MPS Records is a German jazz record company and label founded in 1968 by Hans Georg Brunner-Schwer. MPS stands for "Musik Produktion Schwarzwald" (Music Production Black Forest).

==History==
Originally based in Villingen, MPS was founded as the successor to the SABA record label by Hans Georg Brunner-Schwer, Joachim-Ernst Berendt, Willy Fruth, and Achim Hebgen (who also worked as producers). Founded in 1968, MPS was the first German label to exclusively release jazz recordings. MPS produced and released albums by American, Canadian, European and Japanese jazz artists. Recordings of the JazzFest Berlin, the Donaueschingen Festival and the New Jazz Meeting Baden-Baden were also issued. Besides its own productions, MPS also licensed and distributed recordings from other companies.

Performers under contract to MPS included Oscar Peterson, Hans Koller, Horst Jankowski, George Duke, Erwin Lehn, Volker Kriegel, Albert Mangelsdorff, the Singers Unlimited, Wolfgang Dauner, the Kenny Clarke/Francy Boland Big Band, Jean-Luc Ponty, Lee Konitz, Charlie Mariano, Alphonse Mouzon, Monty Alexander, Dave Pike and Art Van Damme. There is a wide stylistic spectrum, from swing to free jazz, jazz rock and precursors of ethno jazz.

The hallmarks of MPS releases were the high quality of the recordings (some of the production was undertaken in the private atmosphere of label founder Brunner-Schwer's living room), the attractive design of the sleeves, and the detail of information about artists, instruments and performances. Some of these recordings have been re-released on CD.

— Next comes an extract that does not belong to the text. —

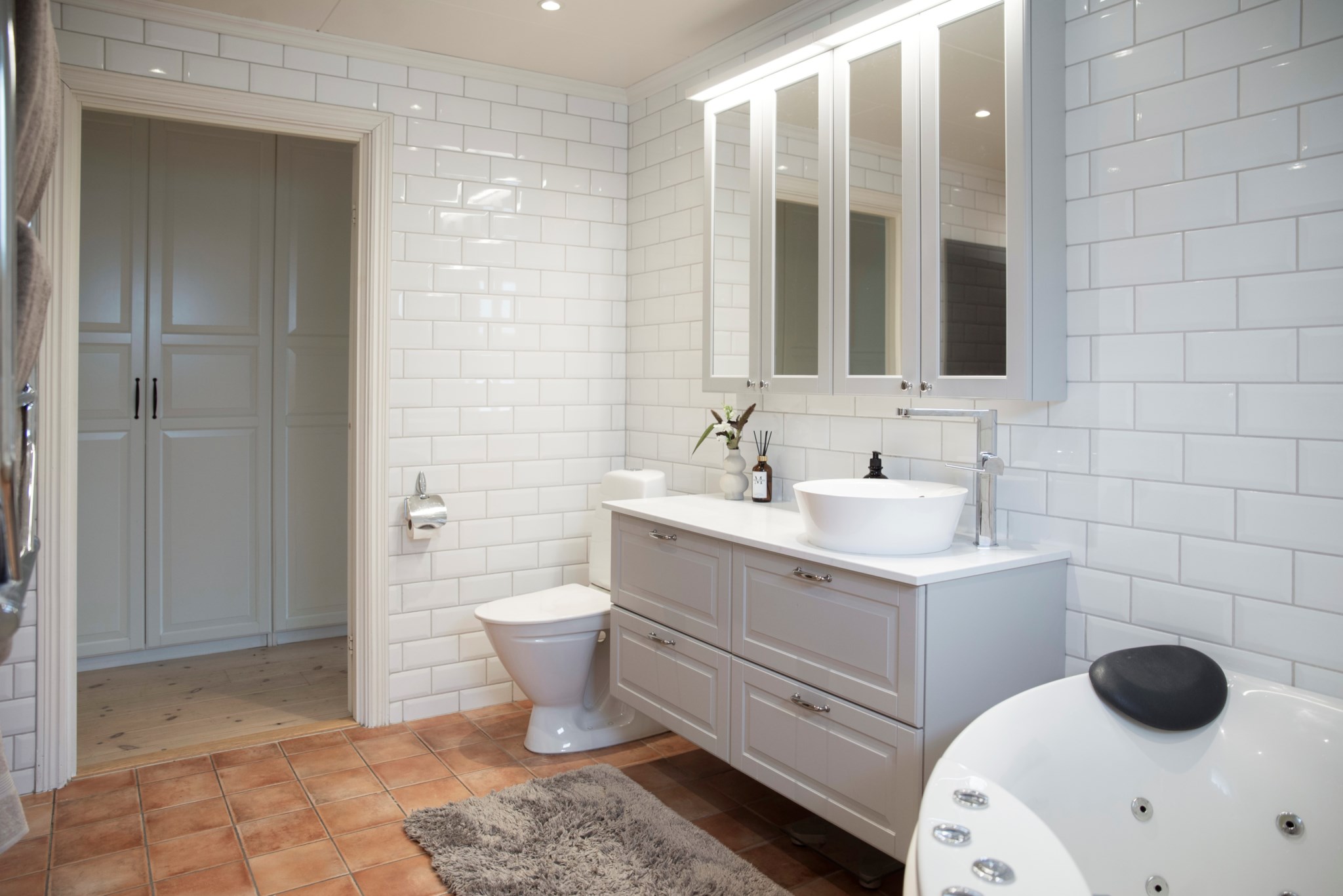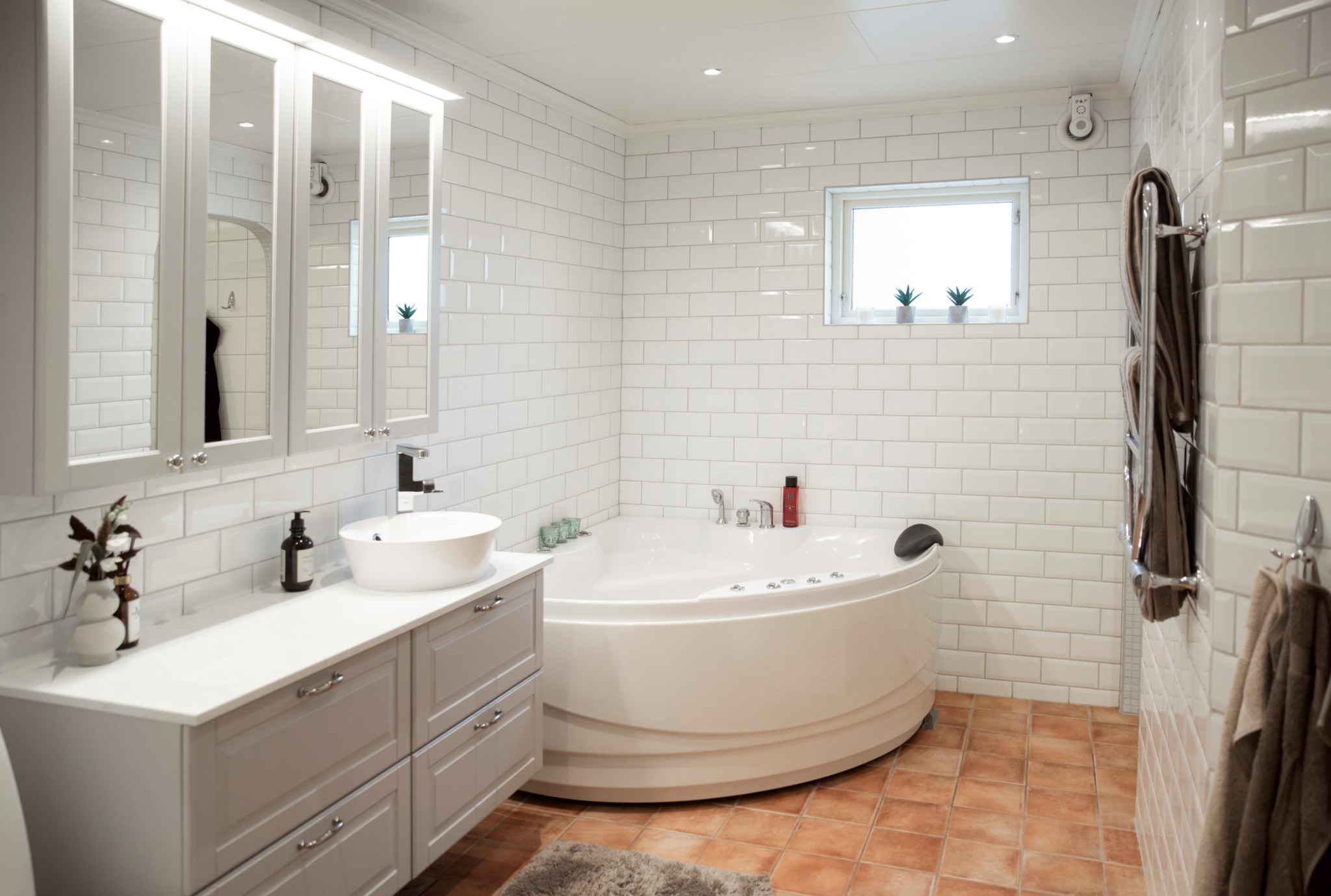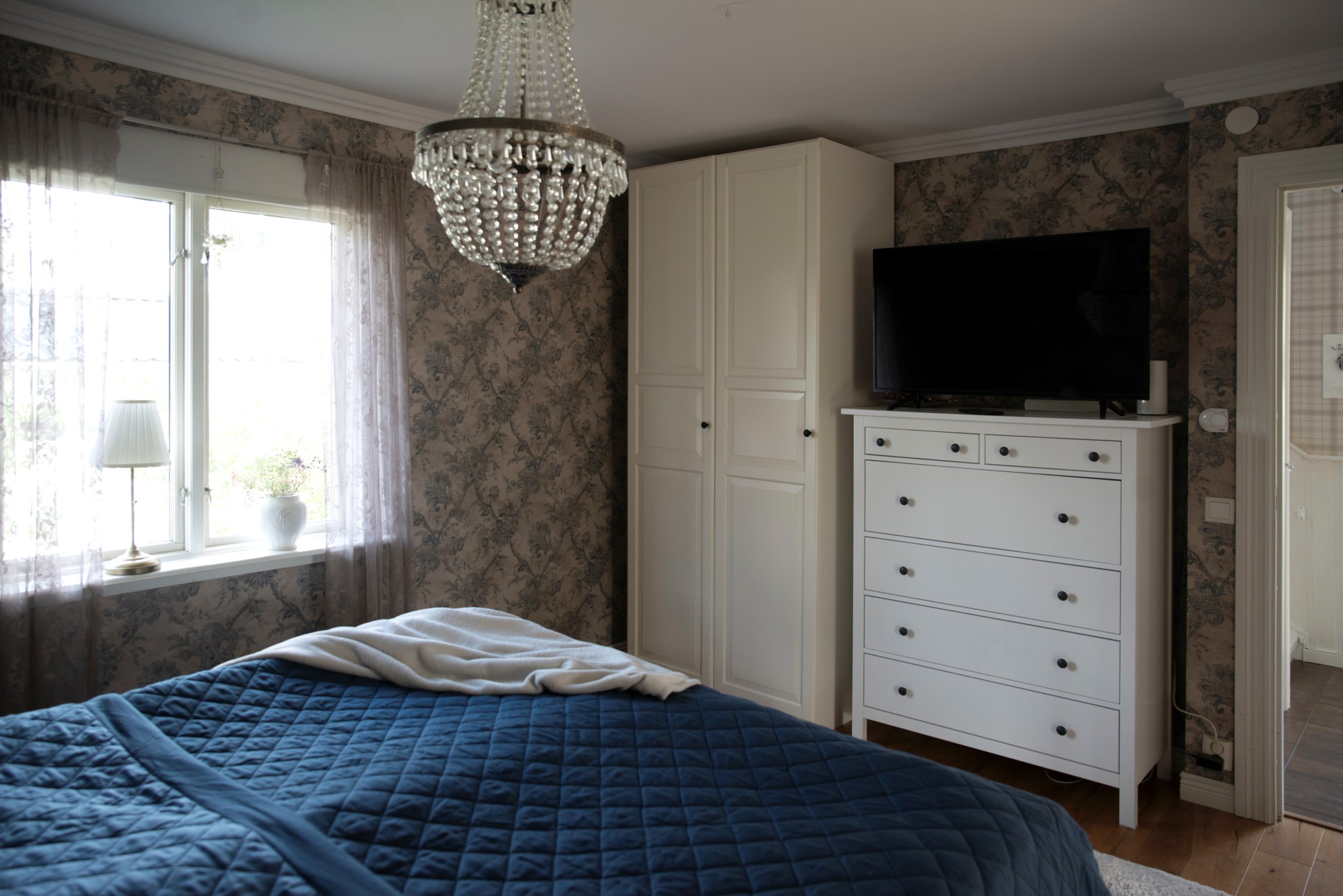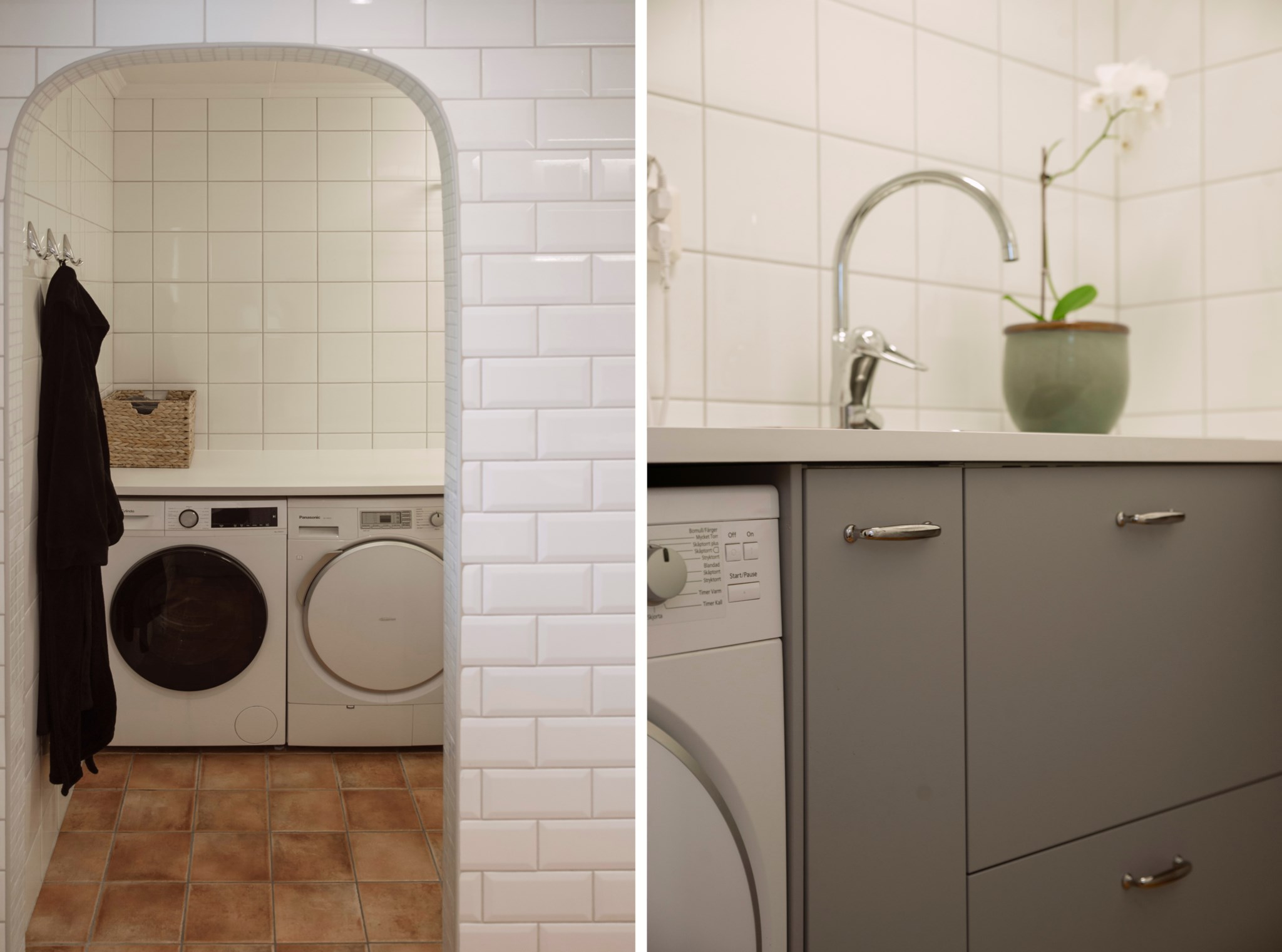 På samma plan finns ett rofyllt sovrum med plats för dubbelsäng, ett helkaklat badrum samt praktisk tvättstuga med gott om förvaring.
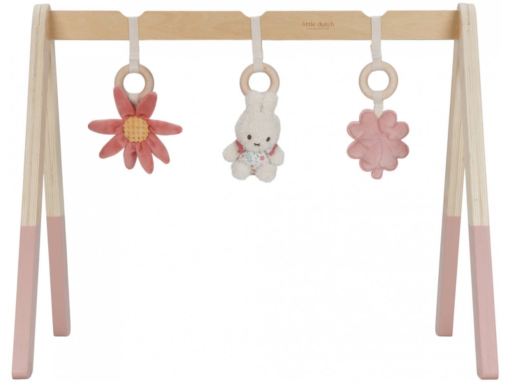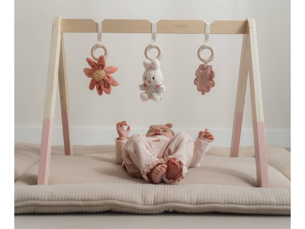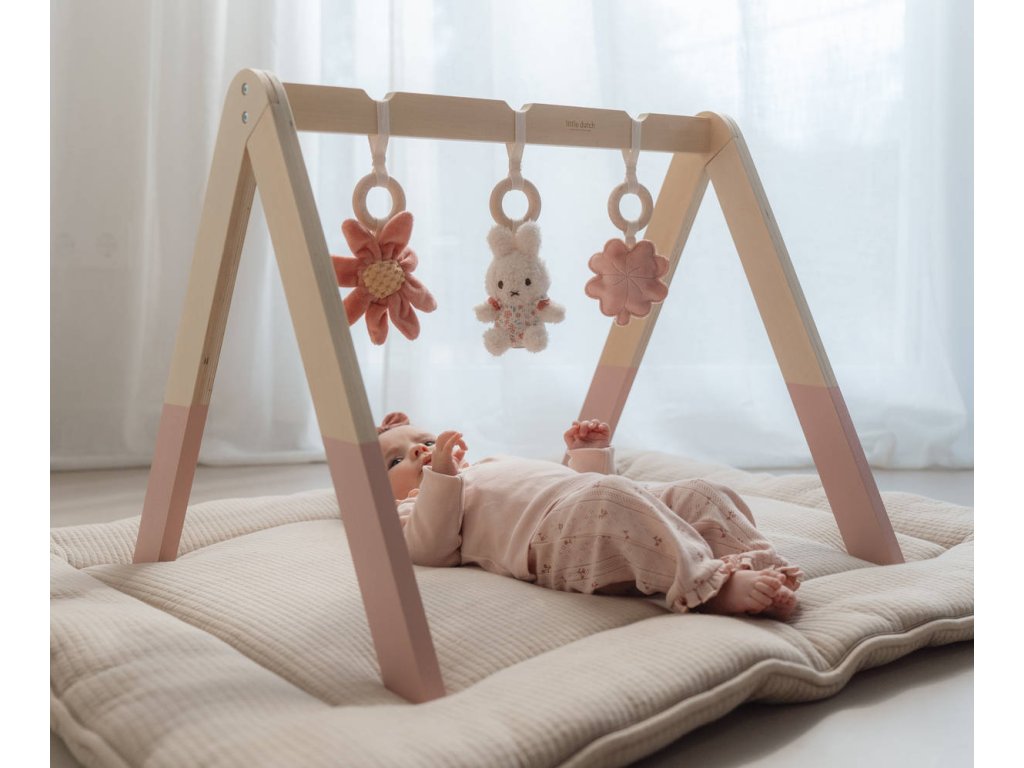 Baby dřevěná hrazdička Miffy Lucky Bottom od Little Dutch, pro miminko. Součástí 3 závěsné plyšové hračky. Růžové provedení, pro holčičku.

The label was distributed by BASF from 1971, then by Metronome Music GmbH Hamburg from 1974. In 1983, Brunner-Schwer sold the rights to Philips, which then transferred it to Polydor. In 1993, Polydor subsidiary Motor Music began to release individual recordings on CD. In 1999, Universal Music Group began re-releases. Since 2000, Speakers Corner Records have released vinyl reissues of individual MPS albums with their original artwork.

Universal spun the label off in 2012, with Edel AG acquiring MPS in January 2014.